Public Safety Minister Ralph Goodale says RCMP investigators have been reprimanded for conducting unauthorized surveillance on two journalists nine years ago.

OTTAWA — Public Safety Minister Ralph Goodale says RCMP investigators have been reprimanded for conducting unauthorized surveillance on two journalists nine years ago.

Goodale's comments Wednesday followed a CBC News report that a rogue group of RCMP officers investigating a leak of a secret document spied on the pair for more than a week without authorization.

The Mounties placed two Ottawa-based journalists working for Montreal newspaper La Presse, Joel-Denis Bellavance and Gilles Toupin, under physical surveillance for nine days in 2007, says the report, based on a government briefing note obtained by the broadcaster through the Access to Information Act.

The RCMP was looking into the leak of a Canadian Security Intelligence Service document about a terror suspect. The police force hoped that keeping tabs on the reporters would lead them to the leaker.

CBC says the surveillance was done without the required permission of Bob Paulson, an acting assistant commissioner at the time and now commissioner of the RCMP.

The Mounties had no immediate details Wednesday about the reprimands.

Prime Minister Justin Trudeau said the surveillance was unacceptable and noted that an apology had been given to the journalists involved.

NDP Leader Tom Mulcair said a public inquiry should be called into the matter and the New Democrats pressed the Liberals during the daily question period in the House of Commons.

"Freedom of the press is a fundamental Canadian value that's enshrined in the charter," Goodale told the House.

"The unauthorized surveillance was entirely unacceptable. It was contrary to a ministerial directive.

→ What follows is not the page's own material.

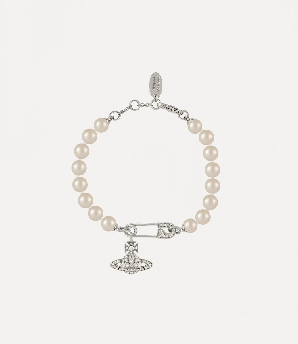 Pärlor är ett viktigt element i husets ikonografi och representerar både lyx och rebelliskhet. Lucrece Pearl-armbandet har en sträng av glasbaserade pärlor, accentuerade av en kristallbesatt kula som hänger från en säkerhetsnålsberlock. Detta tidlösa säkerhetsnålsmotiv symboliserar nonkonformism och speglar Viviennes signaturpunkinspirerade approach.

It was contrary to RCMP policy, and it was stopped when RCMP headquarters became aware of it, and the investigators have been reprimanded."

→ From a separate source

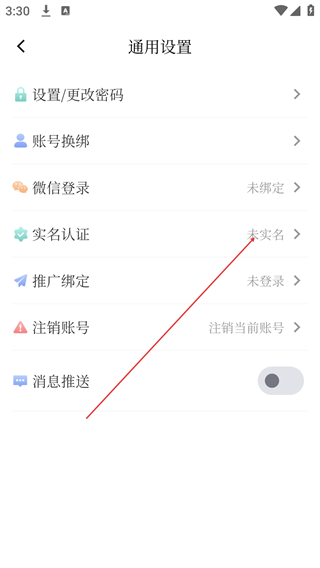 4、在通用设置界面,点击【实名认证】选项,进入实名认证流程页面,按提示完成身份信息提交与验证,即可完成实名认证。

The rogue team was acting contrary to the RCMP rule book for investigations into so-called "sensitive sectors," a term that refers to criminal probes involving academia, politics, religion, the media and trade unions, the CBC said.

According to the broadcaster, the briefing note says the unidentified Mounties received "criticism" for not seeking approval for the nine-day surveillance operation.

"While journalists have no privilege or immunity from investigation, the application of the RCMP's sensitive sector approval policy recognizes that the state's interests in the investigation of crime and the freedom of the press (or religious/academic freedom) need to be balanced appropriately on a case-by-case basis," says the note, approved by Paulson on Nov. 13 last year.

"Vital to maintaining this balance is the centralized independent governance of these criminal investigations -- a framework that was just being implemented at the time of these events in 2007."

Though the RCMP monitoring of the two reporters was unauthorized, the note adds that "limited physical surveillance" of the journalists was approved by the police force in 2008 but never carried out.